§ Extracted records
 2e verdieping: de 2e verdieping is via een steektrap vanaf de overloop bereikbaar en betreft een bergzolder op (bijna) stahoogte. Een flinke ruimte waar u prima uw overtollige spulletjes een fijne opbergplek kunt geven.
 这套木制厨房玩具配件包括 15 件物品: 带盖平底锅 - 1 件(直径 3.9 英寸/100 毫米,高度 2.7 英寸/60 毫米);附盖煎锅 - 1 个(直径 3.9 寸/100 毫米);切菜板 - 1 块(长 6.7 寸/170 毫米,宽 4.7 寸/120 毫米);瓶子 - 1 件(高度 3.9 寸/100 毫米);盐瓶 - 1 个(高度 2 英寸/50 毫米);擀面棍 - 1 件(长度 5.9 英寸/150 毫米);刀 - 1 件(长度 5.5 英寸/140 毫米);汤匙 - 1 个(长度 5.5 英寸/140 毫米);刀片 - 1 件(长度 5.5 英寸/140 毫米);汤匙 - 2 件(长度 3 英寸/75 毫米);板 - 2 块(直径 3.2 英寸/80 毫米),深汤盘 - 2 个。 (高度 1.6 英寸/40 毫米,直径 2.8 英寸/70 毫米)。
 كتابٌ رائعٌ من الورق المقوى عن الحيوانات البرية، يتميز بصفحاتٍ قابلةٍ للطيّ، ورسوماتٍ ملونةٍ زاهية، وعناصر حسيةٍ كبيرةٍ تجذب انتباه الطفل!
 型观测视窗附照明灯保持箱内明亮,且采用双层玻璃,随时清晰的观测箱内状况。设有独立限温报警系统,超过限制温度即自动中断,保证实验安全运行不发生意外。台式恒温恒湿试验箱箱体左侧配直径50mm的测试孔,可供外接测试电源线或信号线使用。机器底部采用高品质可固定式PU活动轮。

---

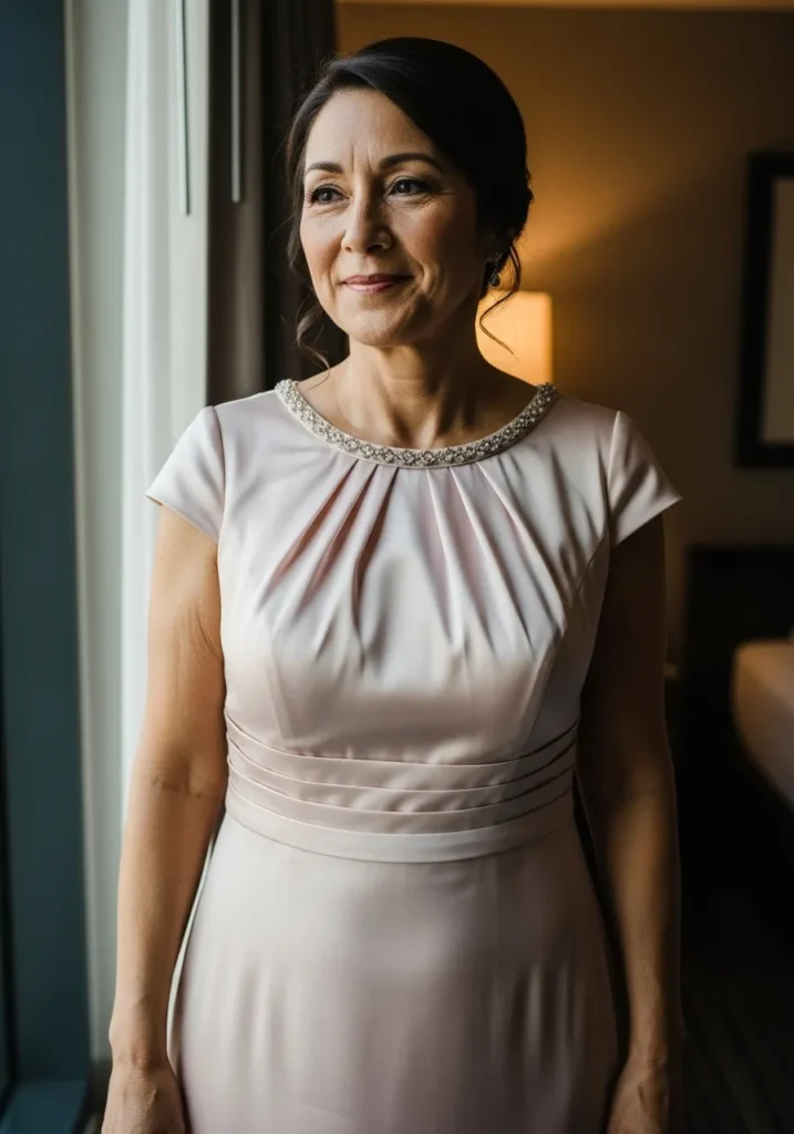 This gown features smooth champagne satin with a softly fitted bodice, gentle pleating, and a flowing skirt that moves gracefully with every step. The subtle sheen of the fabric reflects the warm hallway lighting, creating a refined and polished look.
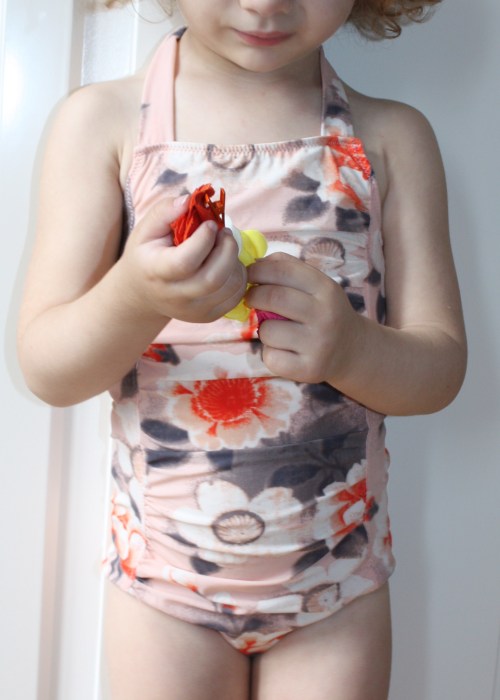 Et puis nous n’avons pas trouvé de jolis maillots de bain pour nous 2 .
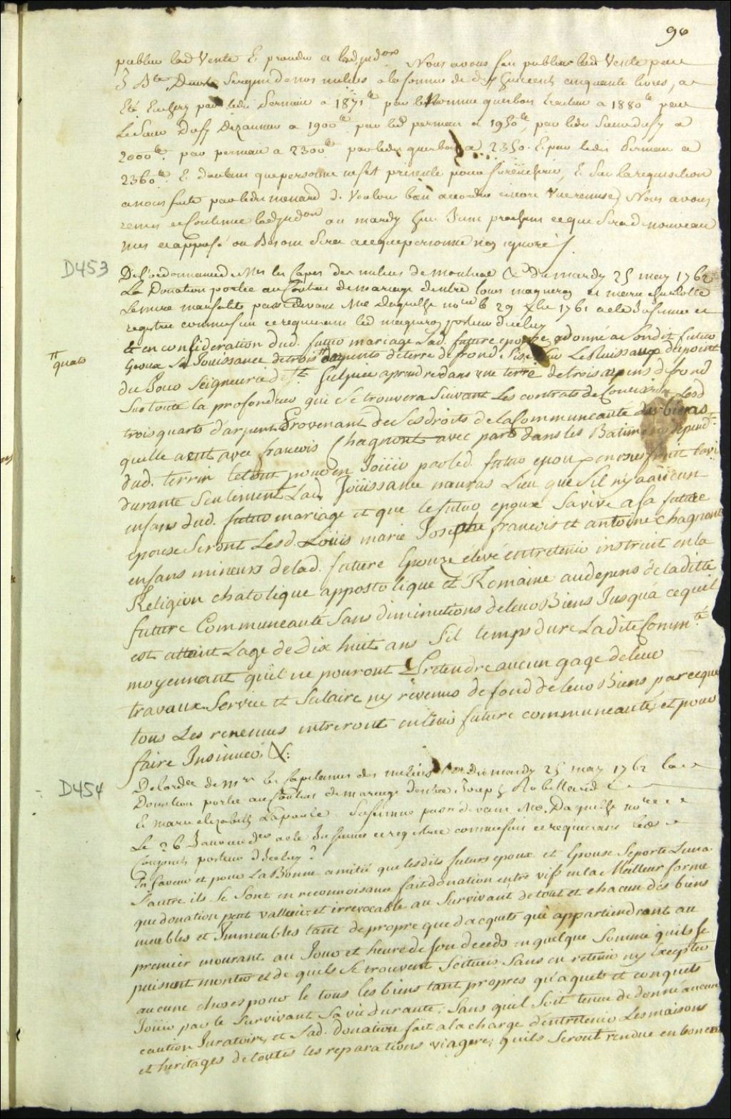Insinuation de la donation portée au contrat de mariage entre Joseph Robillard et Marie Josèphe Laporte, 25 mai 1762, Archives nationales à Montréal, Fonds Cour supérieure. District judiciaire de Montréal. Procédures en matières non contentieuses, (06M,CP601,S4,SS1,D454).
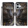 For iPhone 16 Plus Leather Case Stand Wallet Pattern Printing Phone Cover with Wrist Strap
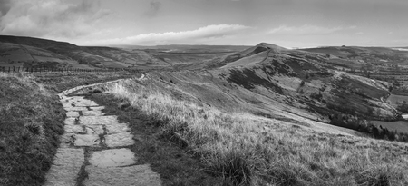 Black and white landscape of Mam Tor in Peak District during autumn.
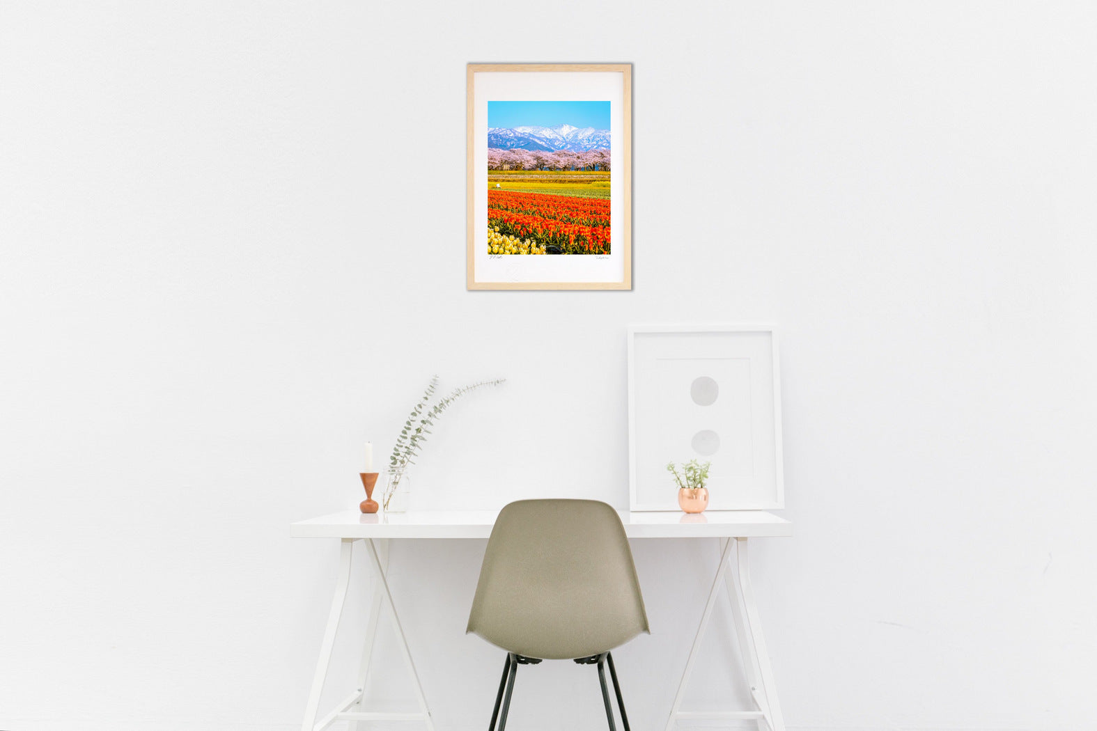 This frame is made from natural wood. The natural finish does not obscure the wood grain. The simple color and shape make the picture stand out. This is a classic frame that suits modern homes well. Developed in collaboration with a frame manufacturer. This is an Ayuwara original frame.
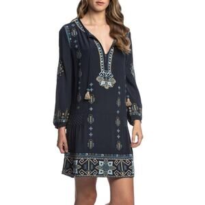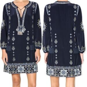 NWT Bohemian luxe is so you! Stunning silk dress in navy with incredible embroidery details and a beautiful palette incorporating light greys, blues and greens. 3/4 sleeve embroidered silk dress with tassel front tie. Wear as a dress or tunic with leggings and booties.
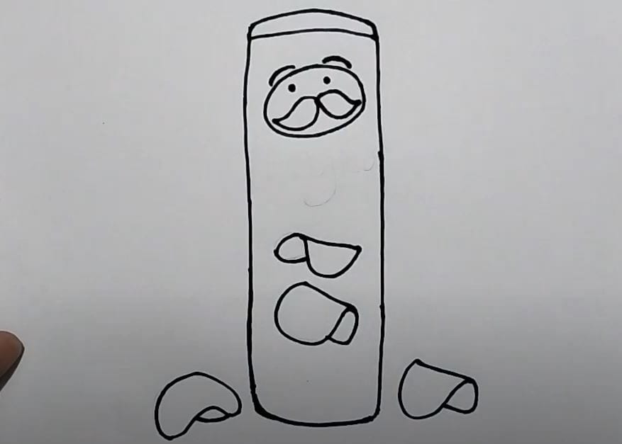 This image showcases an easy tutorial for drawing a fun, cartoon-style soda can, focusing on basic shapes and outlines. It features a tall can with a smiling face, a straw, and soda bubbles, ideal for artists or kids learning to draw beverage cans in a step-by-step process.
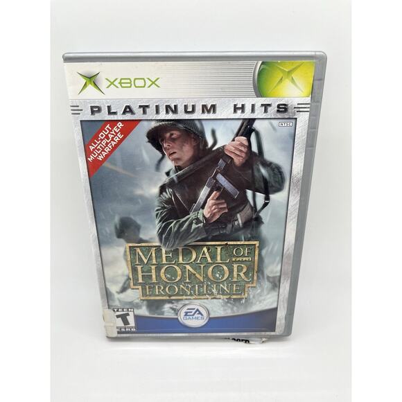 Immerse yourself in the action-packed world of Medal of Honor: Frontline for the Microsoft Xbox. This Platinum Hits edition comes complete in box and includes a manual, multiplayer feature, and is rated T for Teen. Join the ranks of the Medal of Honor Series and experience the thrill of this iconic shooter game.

==

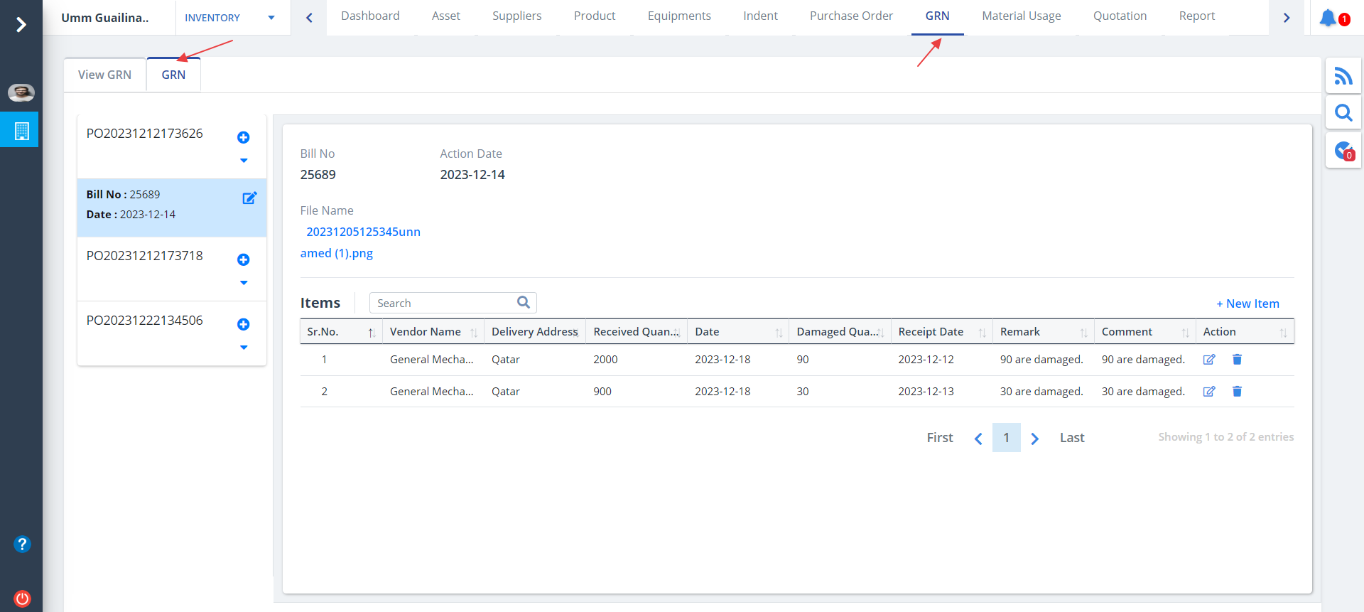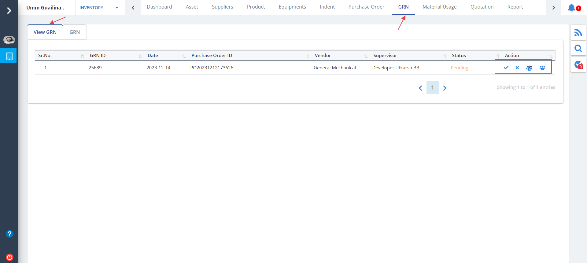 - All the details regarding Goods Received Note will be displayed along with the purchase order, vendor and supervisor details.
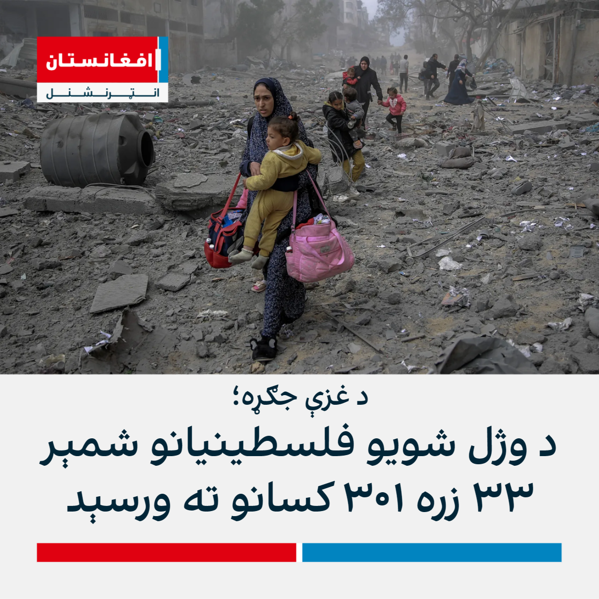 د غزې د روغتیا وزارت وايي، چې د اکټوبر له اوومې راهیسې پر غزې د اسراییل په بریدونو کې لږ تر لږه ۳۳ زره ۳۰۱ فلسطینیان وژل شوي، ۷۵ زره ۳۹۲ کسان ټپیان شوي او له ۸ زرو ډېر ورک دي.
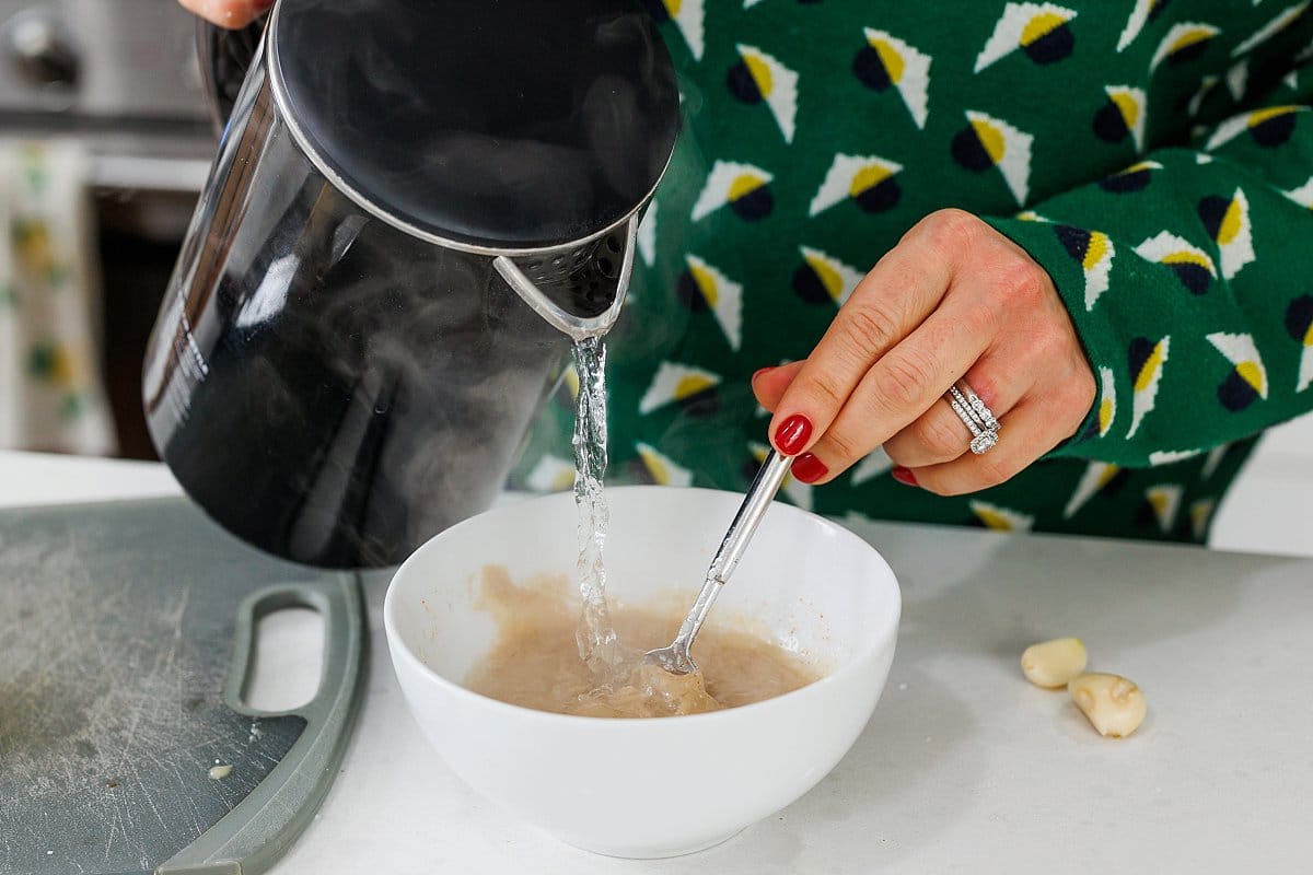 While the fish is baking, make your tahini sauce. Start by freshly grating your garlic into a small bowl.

§ What is being asked
An exact, complete copy of the lines above from the one with "2e verdieping: de" through the one with "型观测视窗附照明灯保持箱内明" is the whole answer.

§ Your response
 2e verdieping: de 2e verdieping is via een steektrap vanaf de overloop bereikbaar en betreft een bergzolder op (bijna) stahoogte. Een flinke ruimte waar u prima uw overtollige spulletjes een fijne opbergplek kunt geven.
 这套木制厨房玩具配件包括 15 件物品: 带盖平底锅 - 1 件(直径 3.9 英寸/100 毫米,高度 2.7 英寸/60 毫米);附盖煎锅 - 1 个(直径 3.9 寸/100 毫米);切菜板 - 1 块(长 6.7 寸/170 毫米,宽 4.7 寸/120 毫米);瓶子 - 1 件(高度 3.9 寸/100 毫米);盐瓶 - 1 个(高度 2 英寸/50 毫米);擀面棍 - 1 件(长度 5.9 英寸/150 毫米);刀 - 1 件(长度 5.5 英寸/140 毫米);汤匙 - 1 个(长度 5.5 英寸/140 毫米);刀片 - 1 件(长度 5.5 英寸/140 毫米);汤匙 - 2 件(长度 3 英寸/75 毫米);板 - 2 块(直径 3.2 英寸/80 毫米),深汤盘 - 2 个。 (高度 1.6 英寸/40 毫米,直径 2.8 英寸/70 毫米)。
 كتابٌ رائعٌ من الورق المقوى عن الحيوانات البرية، يتميز بصفحاتٍ قابلةٍ للطيّ، ورسوماتٍ ملونةٍ زاهية، وعناصر حسيةٍ كبيرةٍ تجذب انتباه الطفل!
 型观测视窗附照明灯保持箱内明亮,且采用双层玻璃,随时清晰的观测箱内状况。设有独立限温报警系统,超过限制温度即自动中断,保证实验安全运行不发生意外。台式恒温恒湿试验箱箱体左侧配直径50mm的测试孔,可供外接测试电源线或信号线使用。机器底部采用高品质可固定式PU活动轮。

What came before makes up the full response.